**TASK DIRECTIONS**:
Among the entries below, only the lines starting at the one with "Si se excluyen, el" and ending at the one with "설을 앞두고 전남지역", both included, are to be printed exactly.

═══ AVAILABLE DATA ═══

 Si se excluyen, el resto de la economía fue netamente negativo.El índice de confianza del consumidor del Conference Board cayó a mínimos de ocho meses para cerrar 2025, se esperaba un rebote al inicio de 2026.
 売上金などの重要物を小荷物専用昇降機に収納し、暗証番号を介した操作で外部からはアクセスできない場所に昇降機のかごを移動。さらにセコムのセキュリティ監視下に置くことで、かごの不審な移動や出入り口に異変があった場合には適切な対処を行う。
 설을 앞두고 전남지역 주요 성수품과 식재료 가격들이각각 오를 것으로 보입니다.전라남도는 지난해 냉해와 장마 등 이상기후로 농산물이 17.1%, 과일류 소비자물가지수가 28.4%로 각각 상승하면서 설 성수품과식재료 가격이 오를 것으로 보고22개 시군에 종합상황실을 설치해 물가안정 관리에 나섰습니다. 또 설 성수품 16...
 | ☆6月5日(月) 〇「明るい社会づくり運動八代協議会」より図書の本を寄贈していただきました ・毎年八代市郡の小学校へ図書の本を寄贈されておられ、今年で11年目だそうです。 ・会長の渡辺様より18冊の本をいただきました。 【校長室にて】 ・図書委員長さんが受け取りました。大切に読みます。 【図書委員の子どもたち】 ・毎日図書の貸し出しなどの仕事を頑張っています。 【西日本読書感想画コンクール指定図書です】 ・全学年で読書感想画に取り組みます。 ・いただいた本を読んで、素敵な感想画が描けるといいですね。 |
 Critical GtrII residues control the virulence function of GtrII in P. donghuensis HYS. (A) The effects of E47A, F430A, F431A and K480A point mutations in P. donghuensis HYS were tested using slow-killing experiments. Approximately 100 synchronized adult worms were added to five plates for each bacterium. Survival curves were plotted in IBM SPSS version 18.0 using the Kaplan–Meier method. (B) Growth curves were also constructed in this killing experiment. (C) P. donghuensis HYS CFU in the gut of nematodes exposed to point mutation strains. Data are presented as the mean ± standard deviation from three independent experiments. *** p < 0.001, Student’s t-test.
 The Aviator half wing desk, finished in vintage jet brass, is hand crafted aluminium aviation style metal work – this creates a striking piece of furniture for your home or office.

═══
═══ AVAILABLE DATA ═══

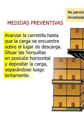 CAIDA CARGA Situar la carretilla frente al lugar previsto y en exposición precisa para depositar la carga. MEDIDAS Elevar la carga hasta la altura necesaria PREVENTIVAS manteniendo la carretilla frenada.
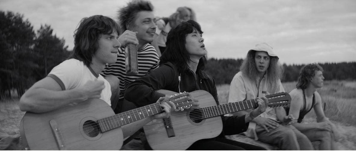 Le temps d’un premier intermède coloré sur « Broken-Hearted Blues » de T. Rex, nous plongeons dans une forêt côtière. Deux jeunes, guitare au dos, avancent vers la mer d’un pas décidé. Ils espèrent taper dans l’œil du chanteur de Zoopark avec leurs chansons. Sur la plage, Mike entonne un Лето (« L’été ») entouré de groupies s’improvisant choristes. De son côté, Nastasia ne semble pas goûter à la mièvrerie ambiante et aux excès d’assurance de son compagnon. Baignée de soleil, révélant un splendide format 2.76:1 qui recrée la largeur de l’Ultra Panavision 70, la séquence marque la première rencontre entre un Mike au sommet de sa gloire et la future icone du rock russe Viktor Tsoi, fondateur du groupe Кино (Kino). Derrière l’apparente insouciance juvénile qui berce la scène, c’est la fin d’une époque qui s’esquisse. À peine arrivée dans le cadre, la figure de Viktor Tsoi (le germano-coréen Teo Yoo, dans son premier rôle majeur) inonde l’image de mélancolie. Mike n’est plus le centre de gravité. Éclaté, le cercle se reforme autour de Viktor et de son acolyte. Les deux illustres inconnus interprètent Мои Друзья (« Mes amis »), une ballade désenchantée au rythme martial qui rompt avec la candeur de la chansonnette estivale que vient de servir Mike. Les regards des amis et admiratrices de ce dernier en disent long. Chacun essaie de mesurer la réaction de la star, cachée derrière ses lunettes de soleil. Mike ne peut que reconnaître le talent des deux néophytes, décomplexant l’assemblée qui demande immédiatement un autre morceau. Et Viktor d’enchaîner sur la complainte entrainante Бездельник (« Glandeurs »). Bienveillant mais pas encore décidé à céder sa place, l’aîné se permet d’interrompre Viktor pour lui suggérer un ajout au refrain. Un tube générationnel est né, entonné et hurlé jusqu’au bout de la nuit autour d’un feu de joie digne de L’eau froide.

═══

**ANSWER BELOW**:
 Si se excluyen, el resto de la economía fue netamente negativo.El índice de confianza del consumidor del Conference Board cayó a mínimos de ocho meses para cerrar 2025, se esperaba un rebote al inicio de 2026.
 売上金などの重要物を小荷物専用昇降機に収納し、暗証番号を介した操作で外部からはアクセスできない場所に昇降機のかごを移動。さらにセコムのセキュリティ監視下に置くことで、かごの不審な移動や出入り口に異変があった場合には適切な対処を行う。
 설을 앞두고 전남지역 주요 성수품과 식재료 가격들이각각 오를 것으로 보입니다.전라남도는 지난해 냉해와 장마 등 이상기후로 농산물이 17.1%, 과일류 소비자물가지수가 28.4%로 각각 상승하면서 설 성수품과식재료 가격이 오를 것으로 보고22개 시군에 종합상황실을 설치해 물가안정 관리에 나섰습니다. 또 설 성수품 16...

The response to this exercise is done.